Action item ::
Here you must reproduce each line of the data exactly.

(Records drawn from a dataset)
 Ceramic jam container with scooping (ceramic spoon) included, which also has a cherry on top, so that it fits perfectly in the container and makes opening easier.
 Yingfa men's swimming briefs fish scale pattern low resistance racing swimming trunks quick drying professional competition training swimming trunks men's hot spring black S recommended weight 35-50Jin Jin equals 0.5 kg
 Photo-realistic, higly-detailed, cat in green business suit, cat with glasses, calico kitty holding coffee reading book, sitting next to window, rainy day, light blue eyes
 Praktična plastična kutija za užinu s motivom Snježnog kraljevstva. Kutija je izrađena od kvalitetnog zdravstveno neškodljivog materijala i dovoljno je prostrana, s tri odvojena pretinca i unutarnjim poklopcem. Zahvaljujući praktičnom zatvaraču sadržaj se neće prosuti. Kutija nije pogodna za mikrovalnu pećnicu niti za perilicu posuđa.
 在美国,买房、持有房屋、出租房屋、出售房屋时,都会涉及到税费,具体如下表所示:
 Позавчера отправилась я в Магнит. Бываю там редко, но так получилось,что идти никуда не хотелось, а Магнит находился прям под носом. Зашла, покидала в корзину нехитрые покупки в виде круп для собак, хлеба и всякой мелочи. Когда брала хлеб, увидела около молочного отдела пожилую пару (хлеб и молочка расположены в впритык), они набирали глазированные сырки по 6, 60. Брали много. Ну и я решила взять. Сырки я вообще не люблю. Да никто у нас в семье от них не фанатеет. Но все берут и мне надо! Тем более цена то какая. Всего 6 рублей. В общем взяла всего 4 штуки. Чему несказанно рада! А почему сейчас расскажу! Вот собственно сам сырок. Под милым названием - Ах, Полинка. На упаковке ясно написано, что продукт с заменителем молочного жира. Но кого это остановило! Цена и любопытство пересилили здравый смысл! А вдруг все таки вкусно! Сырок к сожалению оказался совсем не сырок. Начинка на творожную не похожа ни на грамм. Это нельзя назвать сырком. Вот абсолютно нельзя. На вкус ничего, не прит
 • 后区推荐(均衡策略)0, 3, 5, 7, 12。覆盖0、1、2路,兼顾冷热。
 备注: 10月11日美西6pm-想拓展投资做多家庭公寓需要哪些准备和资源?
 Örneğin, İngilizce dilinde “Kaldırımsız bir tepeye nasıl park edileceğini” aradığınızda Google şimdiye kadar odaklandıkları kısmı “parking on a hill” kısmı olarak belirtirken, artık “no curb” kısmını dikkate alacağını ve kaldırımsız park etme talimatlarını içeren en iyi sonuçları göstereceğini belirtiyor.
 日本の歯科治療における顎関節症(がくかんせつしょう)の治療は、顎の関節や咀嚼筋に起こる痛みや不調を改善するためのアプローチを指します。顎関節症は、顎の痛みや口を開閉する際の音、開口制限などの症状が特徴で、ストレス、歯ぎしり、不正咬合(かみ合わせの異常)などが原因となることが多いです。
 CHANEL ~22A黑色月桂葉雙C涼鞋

Final answer ::
 Ceramic jam container with scooping (ceramic spoon) included, which also has a cherry on top, so that it fits perfectly in the container and makes opening easier.
 Yingfa men's swimming briefs fish scale pattern low resistance racing swimming trunks quick drying professional competition training swimming trunks men's hot spring black S recommended weight 35-50Jin Jin equals 0.5 kg
 Photo-realistic, higly-detailed, cat in green business suit, cat with glasses, calico kitty holding coffee reading book, sitting next to window, rainy day, light blue eyes
 Praktična plastična kutija za užinu s motivom Snježnog kraljevstva. Kutija je izrađena od kvalitetnog zdravstveno neškodljivog materijala i dovoljno je prostrana, s tri odvojena pretinca i unutarnjim poklopcem. Zahvaljujući praktičnom zatvaraču sadržaj se neće prosuti. Kutija nije pogodna za mikrovalnu pećnicu niti za perilicu posuđa.
 在美国,买房、持有房屋、出租房屋、出售房屋时,都会涉及到税费,具体如下表所示:
 Позавчера отправилась я в Магнит. Бываю там редко, но так получилось,что идти никуда не хотелось, а Магнит находился прям под носом. Зашла, покидала в корзину нехитрые покупки в виде круп для собак, хлеба и всякой мелочи. Когда брала хлеб, увидела около молочного отдела пожилую пару (хлеб и молочка расположены в впритык), они набирали глазированные сырки по 6, 60. Брали много. Ну и я решила взять. Сырки я вообще не люблю. Да никто у нас в семье от них не фанатеет. Но все берут и мне надо! Тем более цена то какая. Всего 6 рублей. В общем взяла всего 4 штуки. Чему несказанно рада! А почему сейчас расскажу! Вот собственно сам сырок. Под милым названием - Ах, Полинка. На упаковке ясно написано, что продукт с заменителем молочного жира. Но кого это остановило! Цена и любопытство пересилили здравый смысл! А вдруг все таки вкусно! Сырок к сожалению оказался совсем не сырок. Начинка на творожную не похожа ни на грамм. Это нельзя назвать сырком. Вот абсолютно нельзя. На вкус ничего, не прит
 • 后区推荐(均衡策略)0, 3, 5, 7, 12。覆盖0、1、2路,兼顾冷热。
 备注: 10月11日美西6pm-想拓展投资做多家庭公寓需要哪些准备和资源?
 Örneğin, İngilizce dilinde “Kaldırımsız bir tepeye nasıl park edileceğini” aradığınızda Google şimdiye kadar odaklandıkları kısmı “parking on a hill” kısmı olarak belirtirken, artık “no curb” kısmını dikkate alacağını ve kaldırımsız park etme talimatlarını içeren en iyi sonuçları göstereceğini belirtiyor.
 日本の歯科治療における顎関節症(がくかんせつしょう)の治療は、顎の関節や咀嚼筋に起こる痛みや不調を改善するためのアプローチを指します。顎関節症は、顎の痛みや口を開閉する際の音、開口制限などの症状が特徴で、ストレス、歯ぎしり、不正咬合(かみ合わせの異常)などが原因となることが多いです。
 CHANEL ~22A黑色月桂葉雙C涼鞋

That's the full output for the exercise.